Italia Digitale, ultimi senza risorse private

di Barbara Weisz

Pubblicato 22 Novembre 2016
Aggiornato 7 Aprile 2017 10:35

L'Italia Digitale terzultima in Europa: strategie, stato dell'arte e la ricetta dell'Osservatorio Polimi, ossia un patto fra pubblico e privato.

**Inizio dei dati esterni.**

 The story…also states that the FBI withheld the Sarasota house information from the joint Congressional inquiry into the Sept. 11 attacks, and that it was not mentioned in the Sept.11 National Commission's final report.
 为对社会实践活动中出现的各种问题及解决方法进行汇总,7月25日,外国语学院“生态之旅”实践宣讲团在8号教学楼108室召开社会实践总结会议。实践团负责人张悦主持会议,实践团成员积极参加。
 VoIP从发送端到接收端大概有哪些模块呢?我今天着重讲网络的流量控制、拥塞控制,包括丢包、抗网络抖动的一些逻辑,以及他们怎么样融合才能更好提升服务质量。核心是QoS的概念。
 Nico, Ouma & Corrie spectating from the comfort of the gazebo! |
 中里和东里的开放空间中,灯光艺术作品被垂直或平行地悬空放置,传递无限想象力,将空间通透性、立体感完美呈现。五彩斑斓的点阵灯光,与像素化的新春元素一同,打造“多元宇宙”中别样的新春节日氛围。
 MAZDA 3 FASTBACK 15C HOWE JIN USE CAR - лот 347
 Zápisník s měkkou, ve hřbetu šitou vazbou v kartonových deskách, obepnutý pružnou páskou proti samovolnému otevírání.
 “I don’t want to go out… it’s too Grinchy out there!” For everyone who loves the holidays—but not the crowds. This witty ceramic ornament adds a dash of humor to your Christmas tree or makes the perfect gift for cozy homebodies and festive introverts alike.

SPID, PagoPAAnagrafe digitale: malgrado i passi avanti, l’Italia resta in fondo alla classifica europea (25esima su 29 paesi censiti dal Digital Economy and Society Index). La chiave per la svolta, secondo l’Osservatorio Agenda Digitale della School of Management del Politecnico di Milano, sta nella collaborazione fra pubblico e privato. Come sottolinea Alessandro Perego, Direttore scientifico degli Osservatori Digital Innovation del Politecnico di Milano:

=> Le nuove sfide della rivoluzione digitale

«Il piano triennale per l’Informatica nella PA, che sarà rilasciato per la fine dell’anno, porta avanti un modello chiaro che inquadra in una cornice organica le diverse iniziative e valorizza i contributi di PA e imprese».

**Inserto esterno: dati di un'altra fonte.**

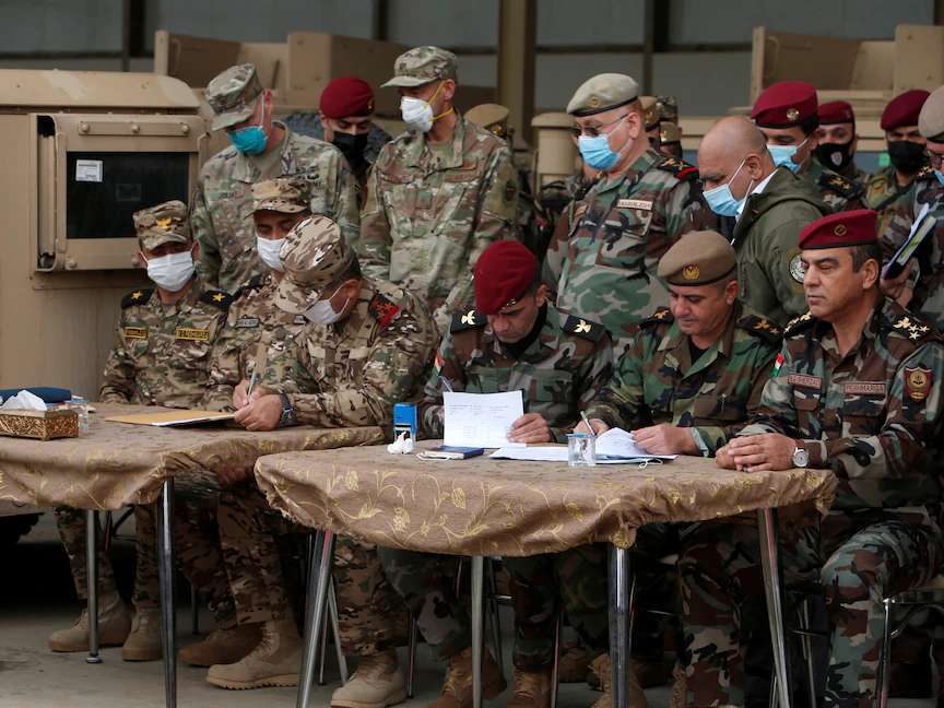جنود أميركيون وأكراد في أحد المقار العسكرية في كردستان العراق. 10 نوفمبر 2020 - REUTERS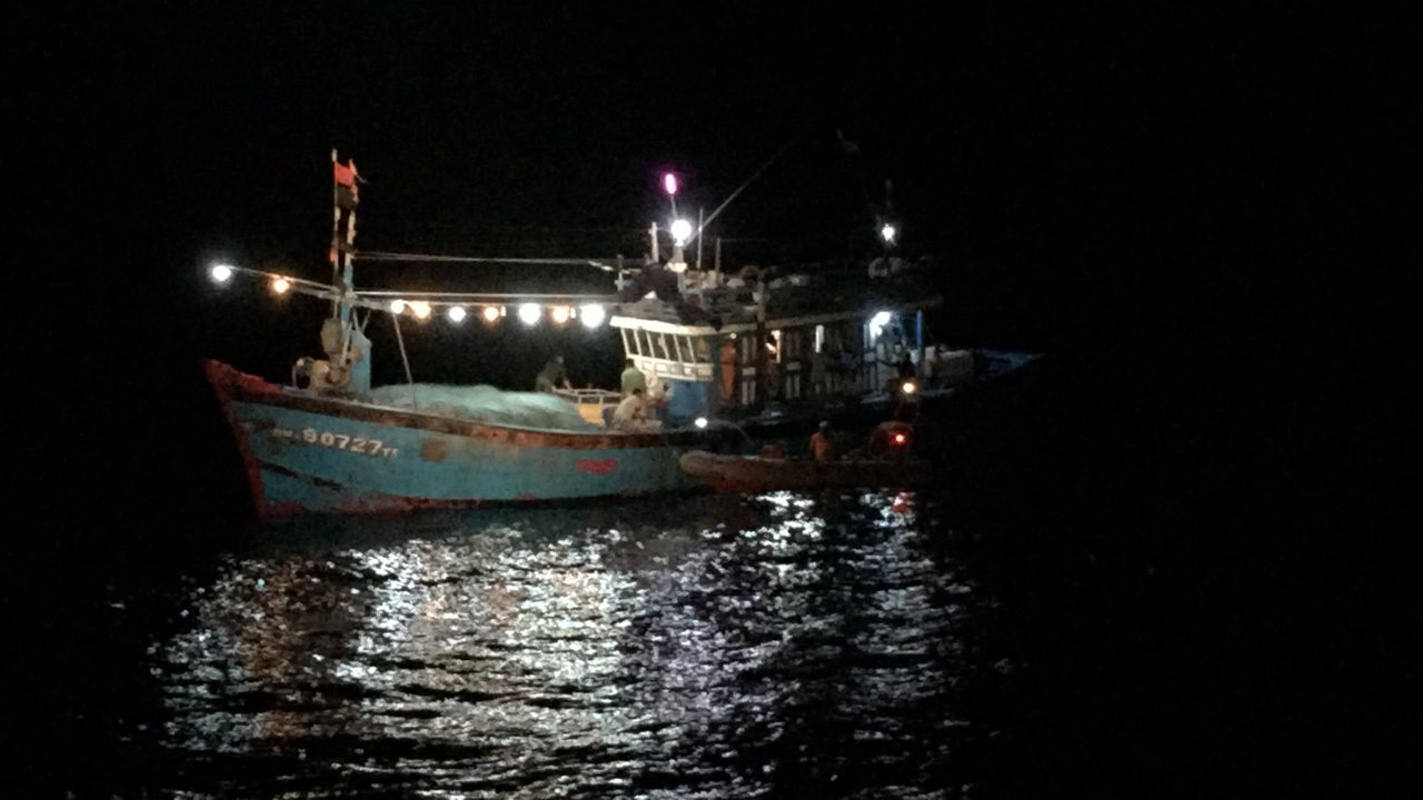 Đến 2h30 ngày 23/9, lực lượng cứu hộ đã tiếp cận tàu ĐNa 90727 TS và các y, bác sỹ nhanh chóng cấp cứu ngư dân Minh ngay ngoài khơi.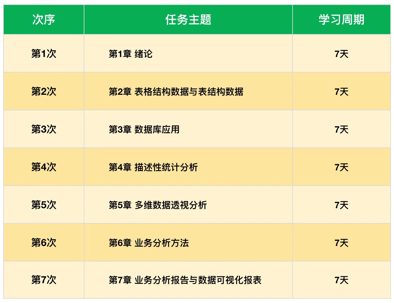 我们为你精心设计了7周学习计划,帮助你高效学习,逐步掌握数据分析的核心技能。无论你是备考CDA证书,还是想提升职场能力,这个计划都能为你提供清晰的学习路径。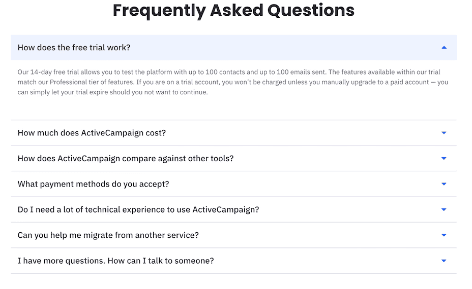 Here’s a sample from Active Campaign which tackles the most important questions first, like “How does the Free Trial Work?” and “How much does ActiveCampaign cost?”
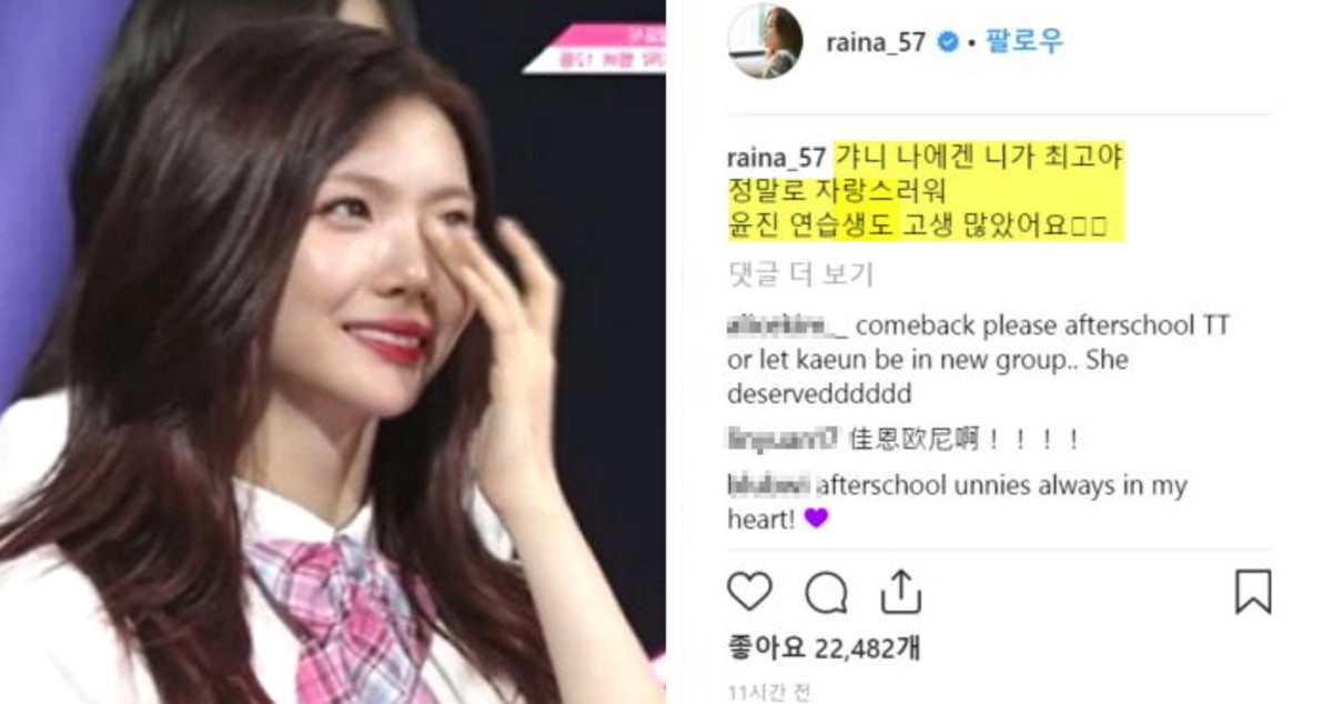 레이나는 1일 자신의 인스타그램에 "갸니(이가은의 애칭) 나에겐 니가 최고야. 정말로 자랑스러워. 윤진 연습생도 고생 많았어요"라는 글과 함께 한 장의 사진을 게재했다.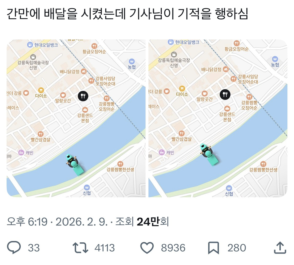 [흥미돋]기적을 행사한 배민 기사 작성자Rooose|작성시간26.02.09|조회수62,386 목록 댓글 38 글자크기 작게가 글자크기 크게가 출처: https://x.com/lexifdev/status/2020789673560330427?s=46&t=49r3Kw6TNqvpiTF8J4JDaA 다음검색 현재 게시글 추가 기능 열기 북마크 공유하기 신고 센터로 신고 댓글 댓글 38 댓글쓰기 답글쓰기 댓글 리스트 작성자바다와 행복 | 작성시간 26.02.10 서울아니네 작성자안녕허손요 | 작성시간 26.02.10 딸렐루야 작성자나는로또1등반박없음 | 작성시간 26.02.10 샹ㅋㅋㅋㅋ 댓글들 도랏나 개웃겨 ㅋㅋㅋ 작성자집에 가지마 | 작성시간 26.02.10 베드로야 내가 물위를 작성자그릴드치즈 | 작성시간 26.02.10 수륙양용오도바이 ㄷㄷ 댓글 전체보기

Pubblico e privato devono sottoscrivere:

 «un Patto per l’Italia Digitale proteggendo il modello di collaborazione previsto dal piano, per darne poi attuazione con regole comuni, progetti condivisi e logiche sistemiche».

Analizzando la classifica europea, lo studio rileva una stretta correlazione fra livello di digitalizzazione di un Paese e crescita economica, sociale, industriale e legalitaria: i paesi che dal 2013 hanno investito maggiormente nel Digitale registrano avanzamento del PIL, miglioramenti nel Social Progress Index, nella classifica Doing Business e nel Corruption Perception Index.

Scendendo nel dettaglio delle strategie dell’Agenda Digitale, da una parte si registra come le diverse iniziative messe in atto abbiano un impatto positivo su 20 dei 30 indicatori presi in considerazione, dall’altra si evidenzia un effetto significativo solo su quattro indicatori, mentre è molto scarso l’impatto sul fronte della digitalizzazione delle imprese (su cui, ora, punta il piano Industria 4.0 inserito in Legge di Stabilità).

Fra i punti critici, resta la diffusione della banda larga ultraveloce (penultimo posto, con il 44% di copertura), su cui comunque si registrano passi avanti (+115% dal 2014). Il piano del Governo punta a una copertura del 75% entro il 2018, per arrivare al 100% nel 2020.

«La copertura della banda larga tra le Regioni italiane è molto eterogenea: nel 2015 si va dal 76% delle abitazioni calabresi coperte a 30 Mbps all’1% di quelle valdostane, con il Sud a primeggiare grazie ai fondi europei — commenta Luca Gastaldi, Direttore dell’Osservatorio Agenda Digitale —. Se si guarda però la copertura 100 Mbps, solo Lombardia e Lazio nel 2015 hanno oltre il 20% delle loro abitazioni coperte. Gli obiettivi fissati dalle Regioni per il 2018 dovrebbero ridurre le differenze tra le coperture a 30 Mbps. Rimarranno quelle a 100 Mbps».

Per quanto riguarda il sistema unico di identità digitale SPID, a sette mesi dall’avvio sono state erogate 133mila identità digitali, che entro il 2018 potrebbero diventare oltre 9 milioni. Nel dettaglio, si prevedono almeno 500mila identità digitali entro marzo 2017 e altri 3 milioni entro fine 2017. Questo è un fronte che coinvolge le imprese, in primis le PMI.

«Il fatto che un utente possegga un’identità SPID non implica necessariamente che la utilizzi per usufruire dei servizi online — commenta Giuliano Noci, Responsabile Scientifico dell’Osservatorio Agenda Digitale —. Il 75% dei comuni italiani oggi non offre servizi online che richiedano un’autenticazione digitale». Se le imprese iniziassero a utilizzare SPID per fornire i servizi digitali, la diffusione di SPID sarebbe più veloce.

Altro tema di interesse per le imprese, il Codice degli appalti pubblici, che però attende ancora ben 75 provvedimenti attuativi. nel frattempo, vista l’incertezza che ha seguito l’approvazione, i bandi di gara dell’Italia relativi a servizi digitali si sono ridotti del 30% rispetto allo stesso periodo nell’anno precedente.